From the records below, transcribe exactly the lines that begin at the line with "An awesome redhead" and end at the line with "When your order", both included.

(Records drawn from a dataset)
BEGIN

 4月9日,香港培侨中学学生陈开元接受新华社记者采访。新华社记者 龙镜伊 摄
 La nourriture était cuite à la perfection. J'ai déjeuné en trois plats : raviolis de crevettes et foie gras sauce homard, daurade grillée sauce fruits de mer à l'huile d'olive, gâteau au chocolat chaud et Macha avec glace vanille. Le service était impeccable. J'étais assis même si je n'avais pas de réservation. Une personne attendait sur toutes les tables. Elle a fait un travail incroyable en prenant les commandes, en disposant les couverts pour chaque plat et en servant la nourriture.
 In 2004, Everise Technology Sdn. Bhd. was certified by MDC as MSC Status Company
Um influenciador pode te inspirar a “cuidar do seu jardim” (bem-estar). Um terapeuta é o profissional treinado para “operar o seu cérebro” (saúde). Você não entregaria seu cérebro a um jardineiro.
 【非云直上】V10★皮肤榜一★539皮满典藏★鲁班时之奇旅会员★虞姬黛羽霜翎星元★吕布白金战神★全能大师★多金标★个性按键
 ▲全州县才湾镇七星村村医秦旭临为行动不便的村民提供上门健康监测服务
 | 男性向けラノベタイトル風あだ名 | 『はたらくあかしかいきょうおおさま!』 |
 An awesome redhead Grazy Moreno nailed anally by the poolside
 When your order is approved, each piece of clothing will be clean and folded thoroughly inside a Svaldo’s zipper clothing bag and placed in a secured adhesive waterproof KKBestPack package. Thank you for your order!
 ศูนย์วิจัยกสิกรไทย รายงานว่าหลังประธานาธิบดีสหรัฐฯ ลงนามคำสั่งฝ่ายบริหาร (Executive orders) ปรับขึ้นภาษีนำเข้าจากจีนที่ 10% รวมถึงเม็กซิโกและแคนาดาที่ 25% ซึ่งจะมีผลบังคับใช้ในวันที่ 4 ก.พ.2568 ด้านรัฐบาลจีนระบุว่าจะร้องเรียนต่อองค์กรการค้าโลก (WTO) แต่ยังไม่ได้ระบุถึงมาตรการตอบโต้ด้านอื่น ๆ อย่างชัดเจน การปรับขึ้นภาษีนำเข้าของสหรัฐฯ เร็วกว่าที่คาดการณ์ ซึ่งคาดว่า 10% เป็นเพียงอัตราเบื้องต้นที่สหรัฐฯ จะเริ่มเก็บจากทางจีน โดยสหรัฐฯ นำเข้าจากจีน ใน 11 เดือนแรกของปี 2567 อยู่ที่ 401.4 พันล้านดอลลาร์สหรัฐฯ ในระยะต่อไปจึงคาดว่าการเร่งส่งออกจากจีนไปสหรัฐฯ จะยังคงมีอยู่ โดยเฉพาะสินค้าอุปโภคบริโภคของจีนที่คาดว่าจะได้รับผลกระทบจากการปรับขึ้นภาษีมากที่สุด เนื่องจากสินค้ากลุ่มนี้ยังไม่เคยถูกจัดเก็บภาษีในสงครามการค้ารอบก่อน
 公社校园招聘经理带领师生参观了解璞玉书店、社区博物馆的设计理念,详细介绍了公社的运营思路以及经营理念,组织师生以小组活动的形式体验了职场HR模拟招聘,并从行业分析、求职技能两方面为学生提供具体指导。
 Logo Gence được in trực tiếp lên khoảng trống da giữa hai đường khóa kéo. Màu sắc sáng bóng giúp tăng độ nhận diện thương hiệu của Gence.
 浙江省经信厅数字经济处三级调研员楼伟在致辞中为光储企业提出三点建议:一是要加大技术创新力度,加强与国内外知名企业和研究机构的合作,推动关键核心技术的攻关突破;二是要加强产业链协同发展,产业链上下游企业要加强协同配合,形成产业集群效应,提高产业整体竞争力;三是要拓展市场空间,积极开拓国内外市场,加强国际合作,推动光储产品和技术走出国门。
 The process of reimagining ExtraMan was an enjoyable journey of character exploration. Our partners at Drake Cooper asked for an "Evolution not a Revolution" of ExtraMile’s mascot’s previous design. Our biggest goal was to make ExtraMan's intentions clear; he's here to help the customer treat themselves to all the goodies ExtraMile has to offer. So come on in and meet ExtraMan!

END

● **REPLY TO THE TASK**
 An awesome redhead Grazy Moreno nailed anally by the poolside
 When your order is approved, each piece of clothing will be clean and folded thoroughly inside a Svaldo’s zipper clothing bag and placed in a secured adhesive waterproof KKBestPack package. Thank you for your order!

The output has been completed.